Comparison of Coccidioides Antibody Detection by the MVista Enzyme Immunoassay with Immunodiffusion and Complement Fixation

Background: Enzyme immunoassays have several advantages over classic serological techniques, including improved sensitivity. There are currently two commercial Coccidioides antibody detection EIAs available with high specificities but lower sensitivities, 68% and 72% (Sunenshine, R ICAAC 2014). The purpose of this study is to evaluate an EIA method for measurement of anti-CoccidioidesIgM and IgG antibodies in an assay developed at MiraVista® Diagnostics.

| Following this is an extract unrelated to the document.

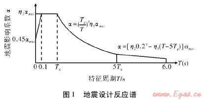 地震危險(xiǎn)性一般通過地震反應(yīng)譜加以描述。地震反應(yīng)譜代表了單自由度彈性系統(tǒng)在不同地震固有周期下的反應(yīng)最大值(包括峰值地面加速度、峰值地面速度等)。其橫坐標(biāo)對(duì)應(yīng)不同地震周期,縱坐標(biāo)為各結(jié)構(gòu)自振周期對(duì)應(yīng)體系的反應(yīng)最大值。在我國(guó)《建筑抗震設(shè)計(jì)規(guī)范》中以地震影響系數(shù)作為抗震設(shè)計(jì)的依據(jù),給出的地震設(shè)計(jì)反應(yīng)譜(地震影響系數(shù)曲線)[12](圖1)。圖1中α為地震影響系數(shù),α=Sa/g(無量綱);Sa為單質(zhì)點(diǎn)體系在地震作用下的最大反應(yīng)加速度(g);g為重力加速度(m/s2);αmax為地震影響系數(shù)最大值(無量綱);η1為直線下降段的斜率調(diào)整系數(shù)(無量綱);γ為衰減指數(shù)(無量綱);Tg為特征周期(s);η2為阻尼調(diào)整系數(shù)(無量綱);T為結(jié)構(gòu)自振周期(s)。

Methods: A total of 100 serum samples that were submitted for anti-Coccidioides antibody testing by immunodiffusion (ID) and complement fixation (CF) to the Kern County Public Health service laboratory. Specimens were concentrated 8-fold before ID testing and reported as positive, weakly positive, very weakly positive or negative. The clinical diagnosis of these individuals was unknown, but 51 of the specimens were positive for Coccidioidesantibody by ID and/or CF.

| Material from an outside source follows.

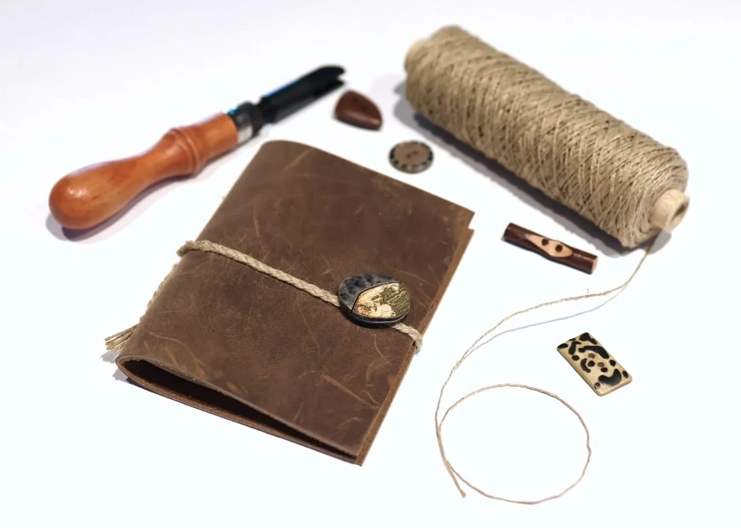 In this workshop you’ll learn how to make a pocket-sized leather-covered booklet using simple bookbinding techniques. This leather book is the perfect size for quick sketches, poetry, jotting down ideas or daily journalling.

For EIA analysis specimens were diluted and added to wells of antigen coated microplate and incubated for one hour. Antibody is detected using biotinylated anti-human IgM or IgG conjugates. Results are expressed as units determined by extrapolation from a standard curve. Results of ≥10 units were classified as positive, 8.0-9.9 units as indeterminate, and 0 to 7.9 units as negative.

Results: IgG antibodies were detected by EIA in 31/36 (86.1%) specimens tested positive for antibody by CF. IgG antibodies were also detected in 8/64 (12.5%) specimens that were negative by CF. IgG antibodies were detected by EIA in 32/45 (71.1% %) specimens that were positive for antibody by IDCF. Negative results occurred in 13 (28.9%) specimens that were weakly (3) or very weakly (10) positive by IDCF, four of which had indeterminate results by EIA. IgG antibodies were detected in 7/55 (12.7%) specimens that were negative by IDCF. IgM antibodies were detected in 18/28 (64.3%) of specimens that were positive by IDTP. IgM negative specimens were weakly or very weakly positive by IDTP. IgM antibodies were detected by EIA in 6/72 (8.3%) specimens that were negative by IDTP.

Conclusion: : IgG and IgM antibody detection by EIA demonstrated good agreement with ID and CF. Disagreement occurred in specimens that were weakly positive by ID, CF or EIA. Additional studies are required to determine sensitivity and specificity in known cases and controls.